A conversion model storage unit storing a discrete symbol sequence conversion model generated by the language identification model learning device according to claim 1;
A language identification model storage unit storing a language identification model generated by the language identification model learning device according to claim 1;
A discrete symbol sequence conversion unit that converts input speech data into a discrete symbol sequence using the discrete symbol sequence conversion model;
Using the language identification model, a language identification unit that obtains a generation probability for each language label from a discrete symbol sequence of the input speech data and outputs a language label that gives the maximum generation probability;
Language identification device including

The learning data storage unit stores a plurality of learning data in which voice data in a plurality of languages and a language label representing the language of each voice data are paired,
A conversion model learning step for learning a discrete symbol sequence conversion model for outputting a discrete symbol sequence obtained by discretizing the posterior probability distribution of the language label, using the learning data as input, using the learning data;
A discrete symbol sequence conversion unit that converts the speech data of the learning data into the discrete symbol sequence using the discrete symbol sequence conversion model;
A language identification model learning unit learns a language identification model that receives a discrete symbol sequence of speech data and outputs a generation probability for each language label, using the discrete symbol sequence and language label of the learning data.
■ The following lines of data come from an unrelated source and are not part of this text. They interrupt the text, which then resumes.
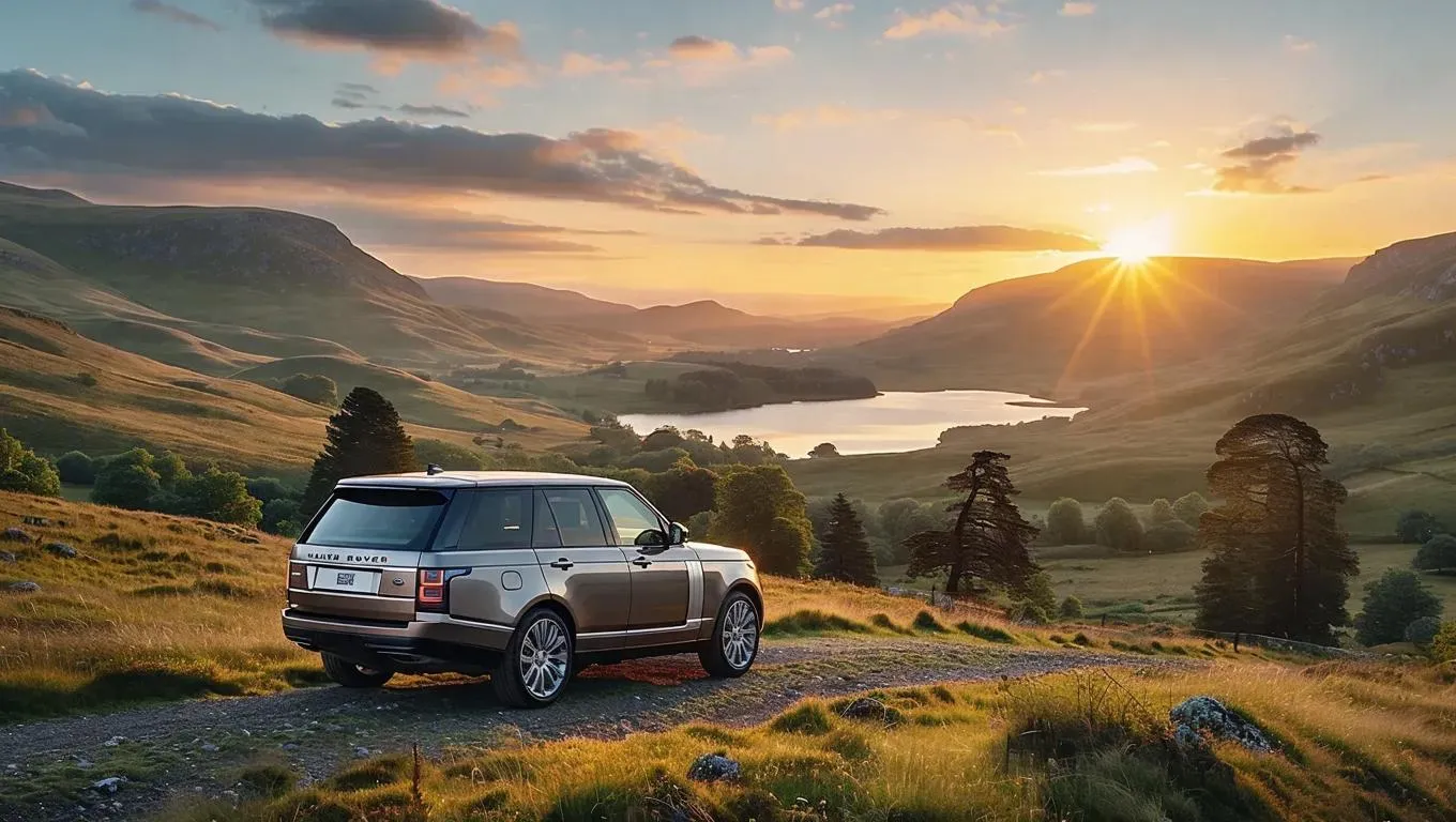 Generate stunning AI visuals of a luxury Range Rover navigating scenic landscapes in dramatic afternoon dark lighting. Powered by vivago.ai, create professional-grade AI images/videos with curated effects and advanced editing tools for captivating automotive content.
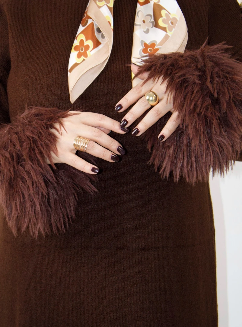 Sa coupe droite met la silhouette en valeur, tandis que les manches ornées de fausse fourrure apportent une touche raffinée et tendance.
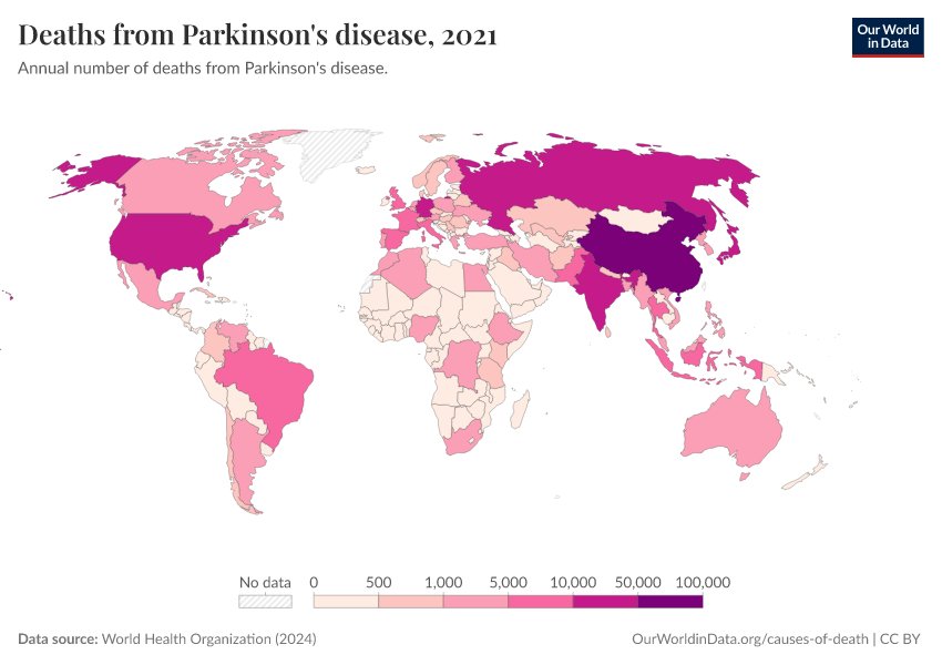 “Data Page: Deaths from Parkinson's disease”, part of the following publication: Esteban Ortiz-Ospina and Max Roser (2016) - “Global Health”. Data adapted from World Health Organization. Retrieved from https://who-mortality-db.owid.pages.dev:8789/20260304-094028/grapher/deaths-from-parkinsons-disease-ghe.html [online resource] (archived on March 4, 2026).How to cite this data
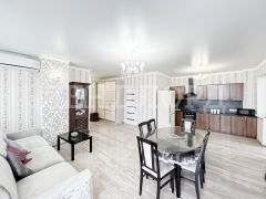 Кухня-гостиная в этой квартире поразит вас своей просторностью - 27 квадратных метров, идеально для приема гостей и семейных ужинов. И благодаря панорамному остеклению, вы сможете наслаждаться прекрасным видом из окна!
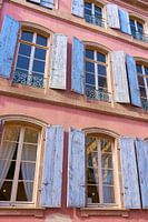 Raam met luiken aan de gevel van een historisch huis in de historische oude stad Colmar in Frankrijk. De oude stad Colmar, met zijn vele liefdevol gerestaureerde en bewaarde historische kleurrijke gebouwen, lijkt voor veel bezoekers op het decor van een sprookjesfilm. En toch is alles hier echt.
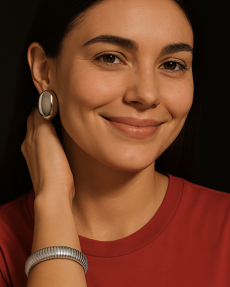 Démarquez-vous avec ces élégantes boucles d'oreilles au design sphérique, parfaites pour rehausser n'importe quel look. Fabriqués en acier inoxydable de haute qualité, ils allient sophistication et durabilité, idéaux pour les occasions spéciales et pour un usage quotidien. Leur taille généreuse (33x26mm) et leur fermeture à pression assurent un ajustement confortable et sûr, tandis que leur finition hypoallergénique et résistante à l'eau les rend parfaites pour les peaux sensibles.
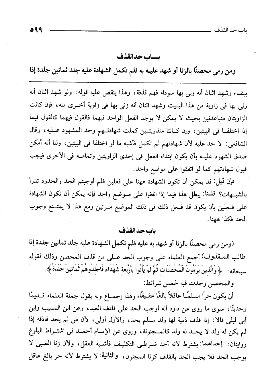 (ومن رمى محصنا بالزنا أو شهد به عليه فلم تكمل الشهادة عليه جلد ثمانين جلدة إذا طالب المقذوف) أجمع العلماء على وجوب الحد على من قذف المحصن، وذلك لقوله سبحانه: {وَالَّذِينَ يَرْمُونَ الْمُحْصَنَاتِ ثُمَّ لَمْ يَأْتُوا بِأَرْبَعَةِ شُهَدَاءَ فَاجْلِدُوهُمْ ثَمَانِينَ جَلْدَةً} [النور: 4] .
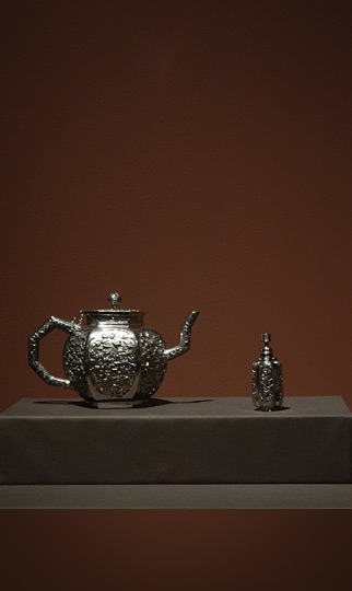 His attribution was based on the London hallmarks stamped on the base. In reality, it was made in China and sold in London by a silversmith who added his own mark. The teapot and the scent bottle to the right were cast rather than engraved. Such high-relief decoration does not appear to have influenced English Chinoiserie silver. As seen on the pieces around the corner, London silversmiths used simpler flat-chased imagery.
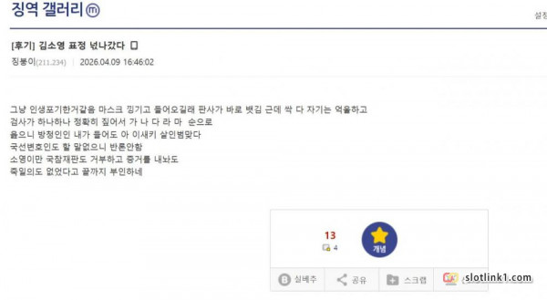 오늘자 모텔살인사건 김소영 재판 방청객 후기 페이지 정보 작성자 pkg 댓글 0건 조회 261회 작성일 26-04-10 06:02 목록 답변 글쓰기 본문 꼭 천벌받길 이전글청라 하나금융본사 조감도와 현실 26.04.10 다음글외국인이 여행와서 찍은 경주 사진들 26.04.10 댓글 0 댓글목록 등록된 댓글이 없습니다.
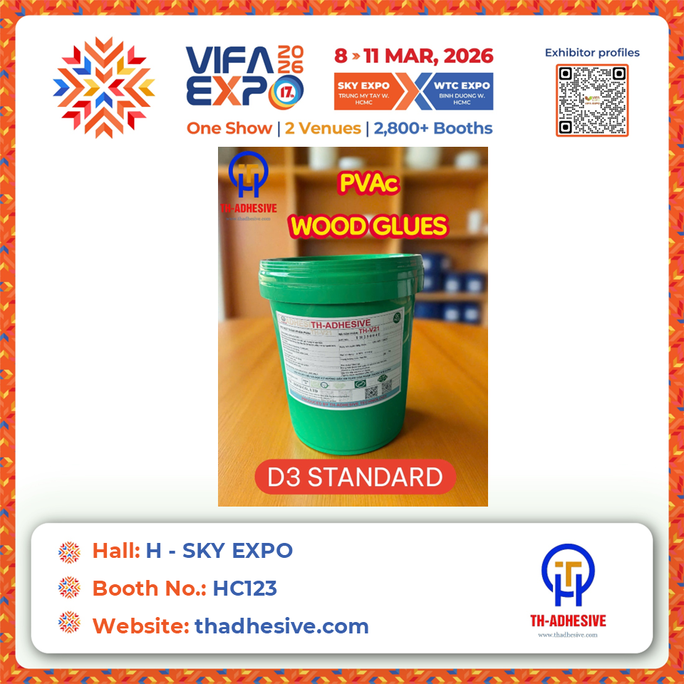 TH ADHESIVE the first company in Vietnam specializing in the production of 1-compoment Poly-vinyl Acetate (PVAc) glue according to D3 standards and safe products certified by REACH STANDARD, Welcomed by the European market.
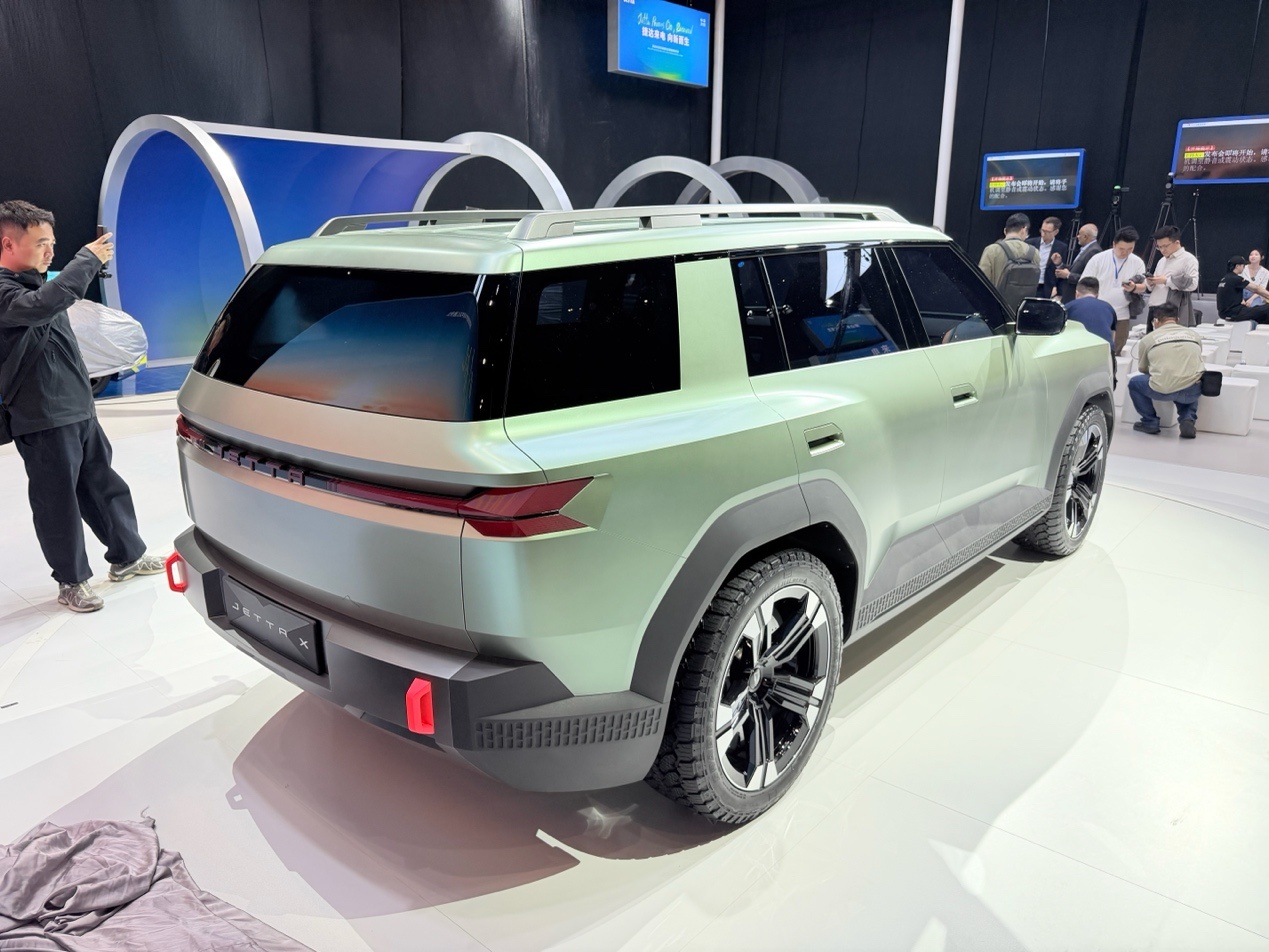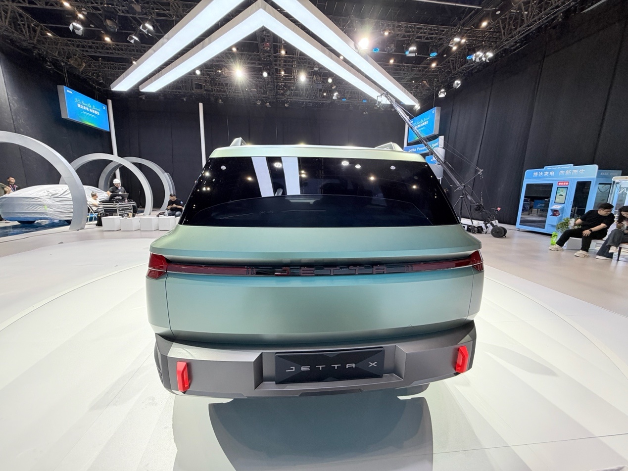 在尾部设计上,JETTA X同样采用了贯穿式的尾灯与前脸相呼应,并且中间的JETTA标识也可以点亮。后保险杠采用厚实的设计风格,进一步突出了硬朗的形象。这些设计不仅体现了概念车的特点,也为未来的量产车型设定了方向。
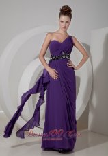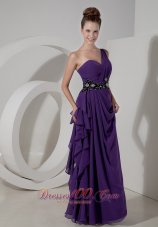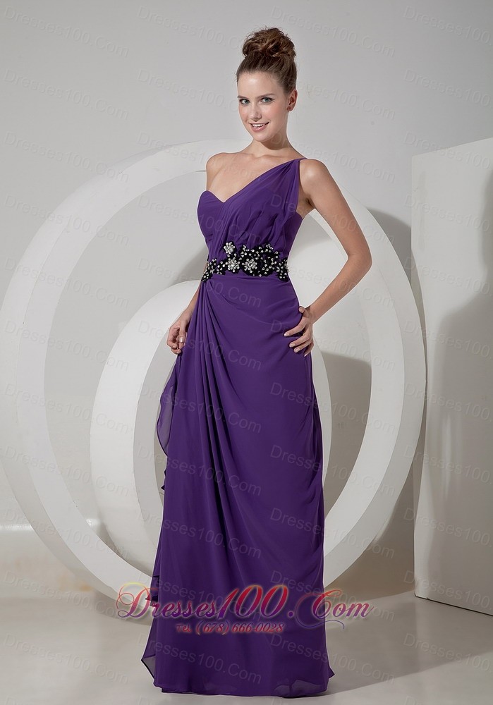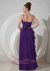 This purple gown features one shoulder strap that is encrusted with ruched details on the bodice. A coordinating waist sash adds interest and detail to the mid-section of the dress. The floor-length skirt with two bands create a beautiful shape to complete the dress. A bit retro and a lot gorgeous!
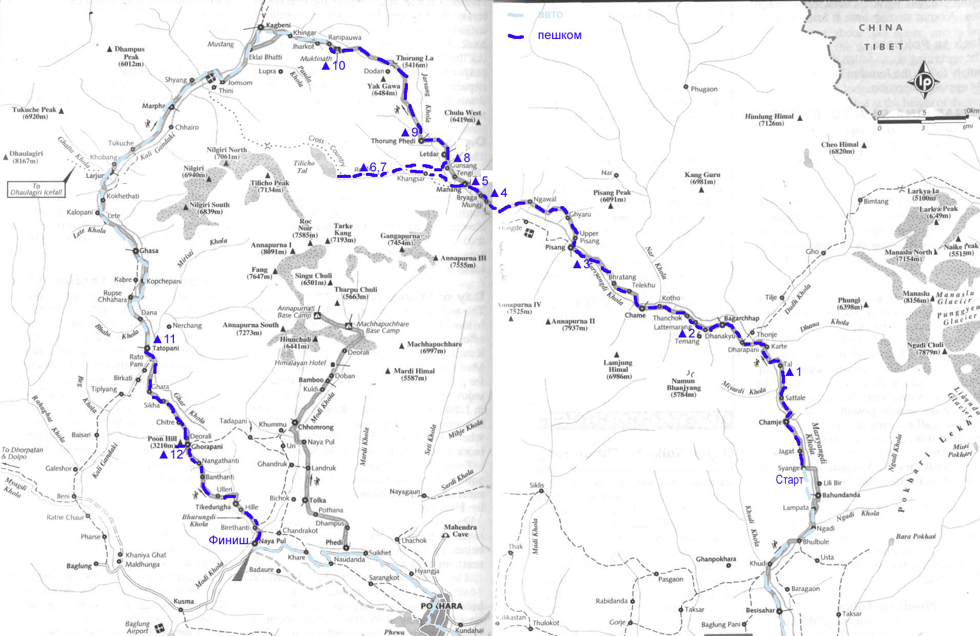 Маршрут: Челябинск – Екатеринбург (авто) – Катманду (авиа) – Бесисаар (Besi Shahar) (авто) – Сьяндж (Syange) (авто) – Тал (Tal) – Тиманг (Timang) – Чаме (Chame) – Верх. Писанг (Upper Pisang) – Нгавал (Ngaval) – Мананг (Manang) – базовый лагерь Тиличо – оз. Тиличо (Tilicho lake) (рад.) – Як-Кхарка (Yak Kharka) – Тронг-Педи – пер. Торонг-ла (Thorong la) 5416м – Муктинатх (Muktinath) – Татопани (Tatopani) (авто) – Горепани (Ghorepani) – Пун-Хилл (рад.) – Наяпул (Nayapul) – Покхара (авто) – Катманду (авто) – Екатеринбург (авиа) – Челябинск (авто).
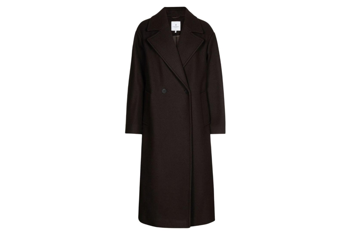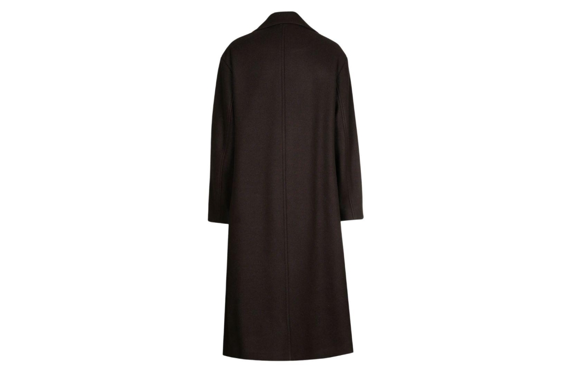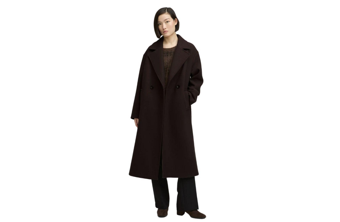 Xandres jas Mopthy 61485-01. Dit loose fit model heeft een brede reverskraag en lange mouwen. Deze donkerbruine jas van Xandres sluit met een knoopsluiting en is voorzien van twee schuine, gedetailleerde steekzakken aan de voorzijde.
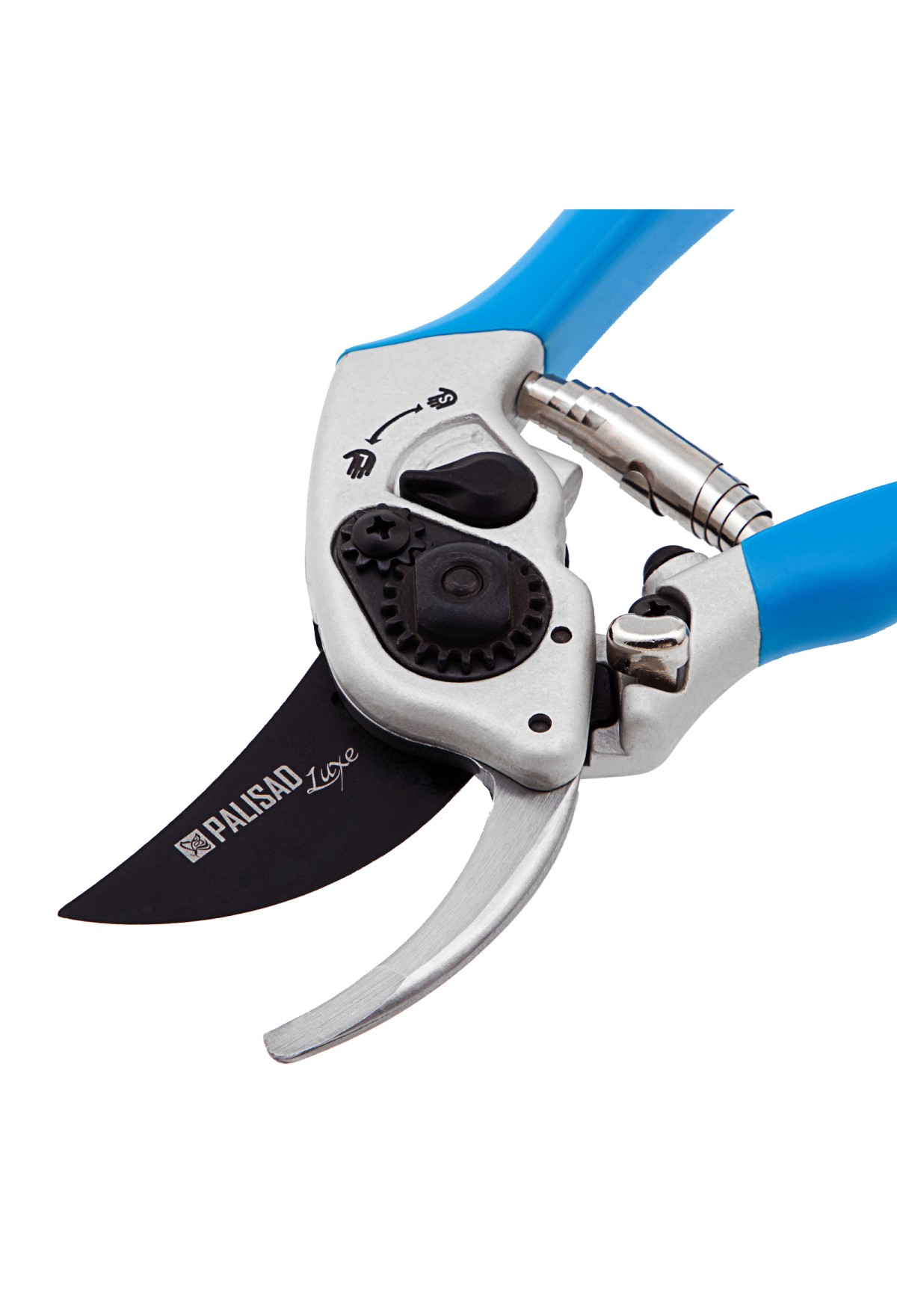 - Удобная работа с ветками разного диаметра — переключатель «большая-малая рука» позволяет регулировать степень раскрытия рукояток.
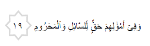 “Dan pada harta-harta mereka, (ada pula bahagian yang mereka tentukan menjadi) hak untuk orang miskin yang meminta dan orang miskin yang menahan diri (daripada meminta).”

Learning steps,
A language identification model learning method including

A discrete symbol sequence conversion model generated by the language identification model learning method according to claim 4 is stored in the conversion model storage unit,
A language identification model generated by the language identification model learning method according to claim 4 is stored in the language identification model storage unit,
A discrete symbol sequence conversion unit that converts the input speech data into a discrete symbol sequence using the discrete symbol sequence conversion model;
A language identification step for obtaining a generation probability for each language label from a discrete symbol sequence of the input speech data using the language identification model, and outputting a language label that gives the maximum generation probability;
Language identification method.

A program for causing a computer to function as the language identification model learning device according to claim 1 or 2 or the language identification device according to claim 3.

A computer-readable recording medium on which a program for causing a computer to function as the language identification model learning device according to claim 1 or 2 or the language identification device according to claim 3 is recorded.